Data block section start

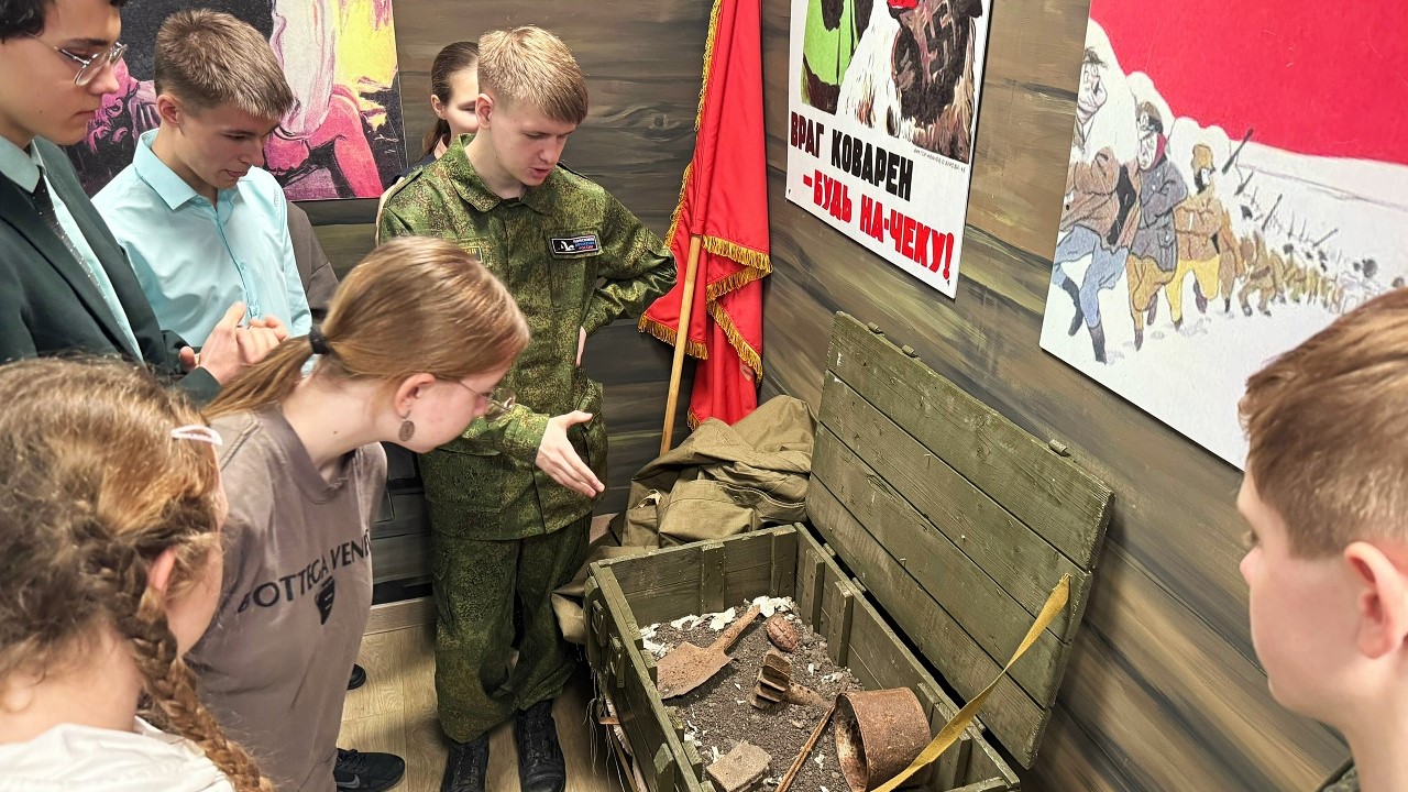 Также ребятам показали амуницию, снаряжение и вооружение солдат РККА. Им предложили определить на ощупь «взрывоопасные» предметы. Впервые они смогли открыть солдатский медальон и прочитать бумажный вкладыш, после чего информацию о солдате искали на сайтах ОБД «Мемориал» и «Память Народа».
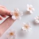 在精致的樱花花瓣上手工涂上多层树脂,保留自然鲜花立体形状的同时,也使脆弱的鲜花实现稳固性。
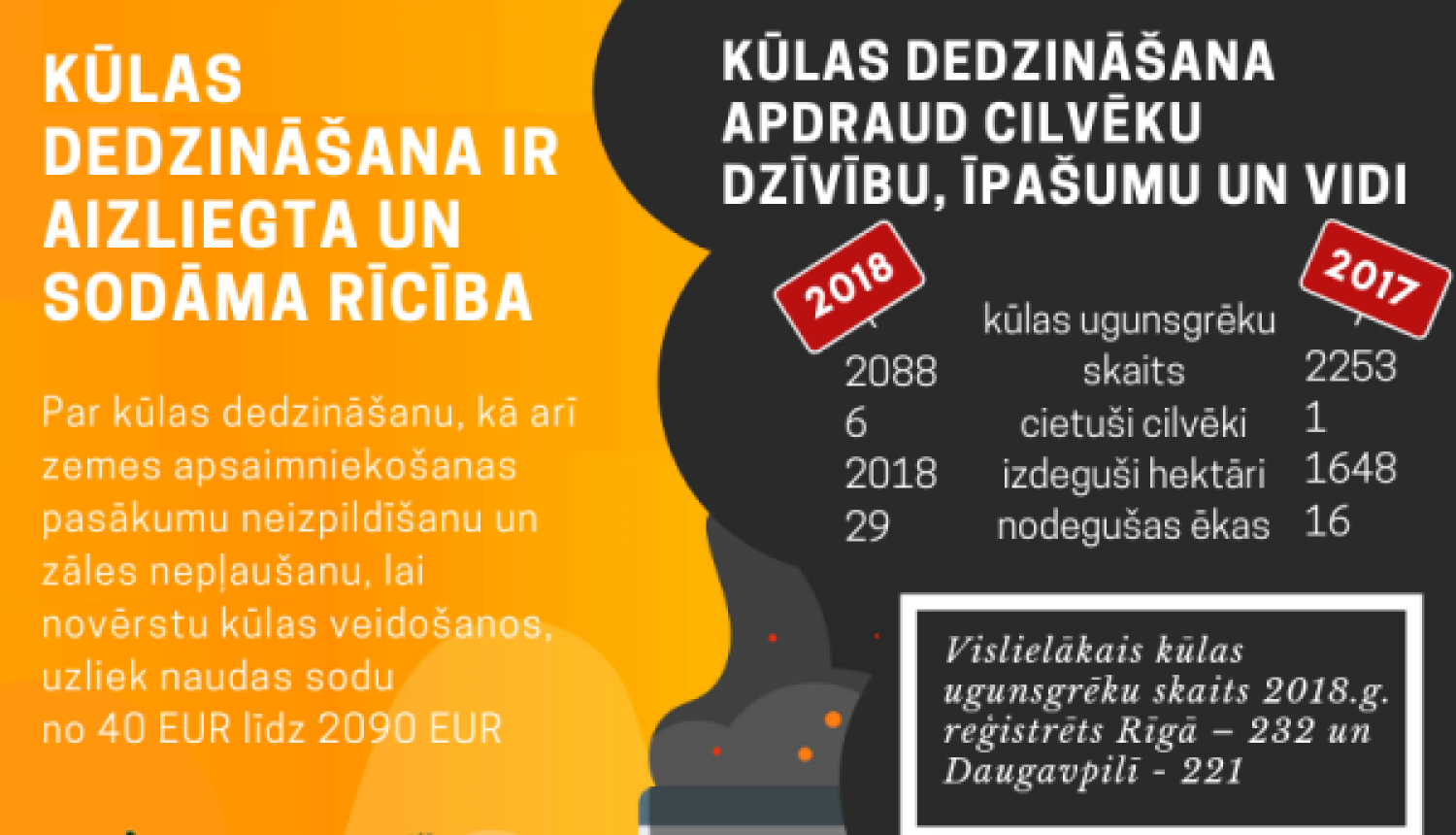 Kopējā statistika par kūlas ugunsgrēkiem Latvijā ir pieejama šeit: www.vugd.gov.lv/files/opnews/Kulas_ugunsgreki_2012_2018.pdf

Data block section end

== Exercise aim ==
Restate the material above word for word, so that nothing changes except that the pictures are gone.

== Response area ==
 Также ребятам показали амуницию, снаряжение и вооружение солдат РККА. Им предложили определить на ощупь «взрывоопасные» предметы. Впервые они смогли открыть солдатский медальон и прочитать бумажный вкладыш, после чего информацию о солдате искали на сайтах ОБД «Мемориал» и «Память Народа».
 在精致的樱花花瓣上手工涂上多层树脂,保留自然鲜花立体形状的同时,也使脆弱的鲜花实现稳固性。
 Kopējā statistika par kūlas ugunsgrēkiem Latvijā ir pieejama šeit: www.vugd.gov.lv/files/opnews/Kulas_ugunsgreki_2012_2018.pdf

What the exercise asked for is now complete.